The Assembly of French Citizens Abroad (French: Assemblée des Français de l'étranger; AFE) is the political body that represents French citizens living outside France. The assembly advises the government on issues involving French nationals living outside France, as well as the role of France in overseas developments. Membership consists of directly elected representatives, senators representing French citizens abroad and officials appointed by the Ministry of Foreign and European Affairs.
The issue of representation for French nationals abroad was first addressed in the French Fourth Republic (1946–1958). Three seats were allocated to the Council of the Republic (the then-upper legislative house), representing citizens residing in Europe, America and Asia-Oceania. In addition, there were four agencies based in Paris also representing French interests abroad: the Union of French Chambers of Commerce Abroad, the Federation of French Teachers Abroad, the Federation of French Veterans Residing Outside France, and the Union of French Citizens Abroad (UFE). The conflict between these organization and the National Assembly in appointing the three members of the Council of the Republic led to the decision to form an entirely new body to represent French citizens abroad.
Foreign minister Georges Bidault signed the decree establishing the High Council of French Citizens Abroad (French: Conseil supérieur des Français de l’étranger, CSFE) in July 1948. The CSFE consisted of 55 members: the three Councillors of the Republic representing French nationals abroad, the presidents of the four organizations above, 42 elected members, and five members appointed by the Minister of Foreign Affairs. The first elections were held in 1970 in 70 countries.
Turnout in these elections suffered a decline from 1997, which prompted efforts to extensively reform the CSFE. It was renamed the Assembly of French Citizens Abroad. The proportion of elected members was further increased. In addition, the electoral boundaries were revised to account for the changing demographics of French nationals abroad.

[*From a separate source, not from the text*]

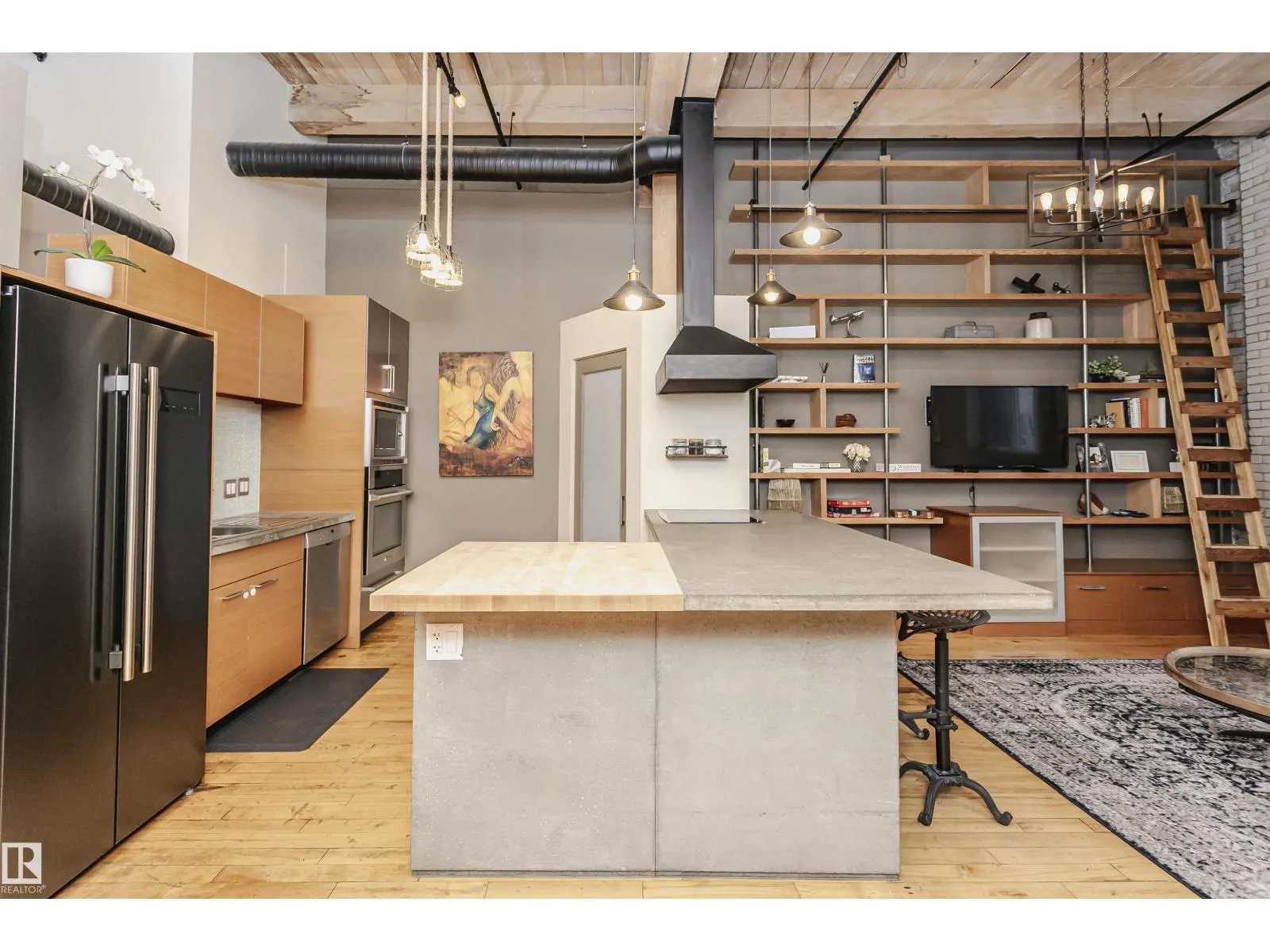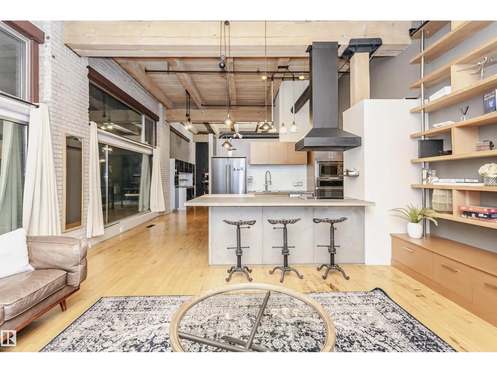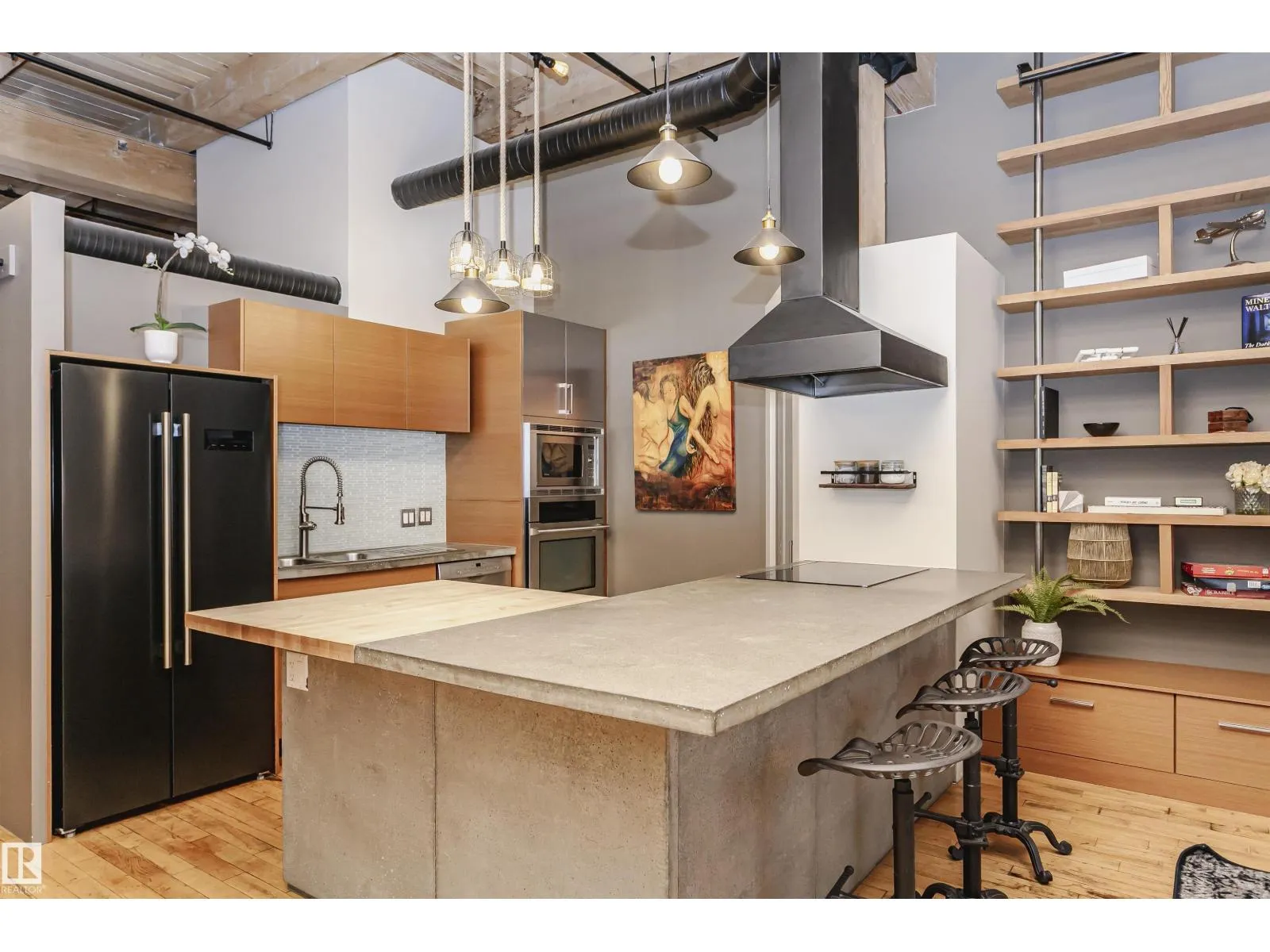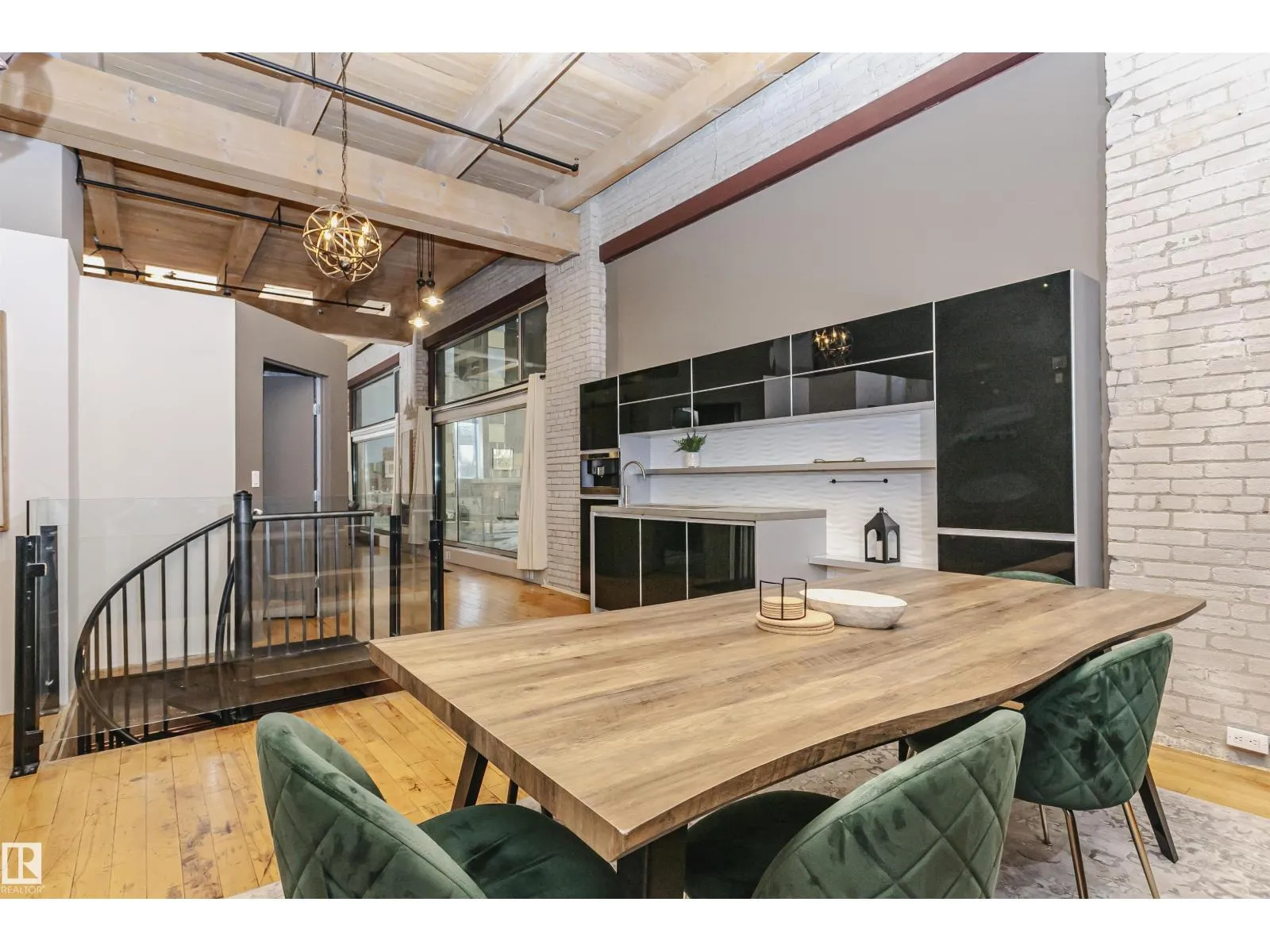 +"PublicRemarks": "HERITAGE MEETS MODERN IN THE ICONIC JOHN DEERE SEVENTH STREET LOFTS! Discover a rare blend of Edmonton history and contemporary design in this stunning loft, set within the heritage side of the historic John Deere Building—one of Downtown’s most recognizable architectural conversions. If you’re craving something truly unique, this urban sanctuary delivers. Spanning 1,776 sq. ft. over two dramatically designed levels, this loft embraces its industrial roots with exposed brick, original concrete elements, 13-foot ceilings, and beautiful hardwood floors. The spacious open layout features 2 bedrooms, 2 full bathrooms, and in-suite laundry, all wrapped in authentic character you won’t find in newer builds. The kitchen blends style with function, showcasing concrete countertops, modern cabinetry, and a layout perfect for entertaining. Enjoy the convenience and comfort of heated, secure underground parking—a must in downtown living. Located steps from Rogers Place, Ice District, and Farmers Market. WELCOME HOME. (id:62783)"

The assembly is tasked with protecting the interests of French citizens abroad on issues such as the teaching of French, rights as citizens, social and economic problems, and taxation. They advise the French government on issues concerning French nationals living outside France and the role of France in overseas developments. The assembly also appoints representatives to various public agencies in France, including the National Stock Exchange, Permanent Commission for Employment and Vocational Training of French Citizens Abroad, etc.
The assembly meets four times a year. Bureau meetings take place in June and December, while plenary sessions are held in March and September.
The AFE is composed of 179 members:155 members elected by universal suffrage from 52 districts around the world who serve six-year terms
12 ex-officio members of the Senate representing French citizens abroad
12 members appointed by the Ministry of Foreign and European Affairs known for their expertise in French expatriate matters.
Day-to-day affairs are run by a general secretariat. The secretary general is appointed by the Minister of Foreign Affairs.
The council is presided over by the Minister of Foreign Affairs. He is the council's president, and is assisted by three vice presidents elected by the council.President: Laurent Fabius (Minister of Foreign Affairs; since 2011)
Members also join committees which prepare reports on specific issues which are submitted to the council's sessions. The permanent committees include:Cultural Affairs and Education
Finance and Economic Affairs
Laws and Regulations
Elections to the assembly are staggered based on geographical location. Electoral districts are divided into two "zones". Elections in each zone are held three years apart. Zone A (last election in 2009) consists of electoral districts in the Americas and Africa. Zone B (last election in 2006) consists of districts in Europe and Asia.
The 155 elected seats are distributed among 52 electoral districts proportional to population. The districts are as follows:
Members organize themselves into political groups. A minimum of 18 members is required to form a group. The assembly currently consists of four groups.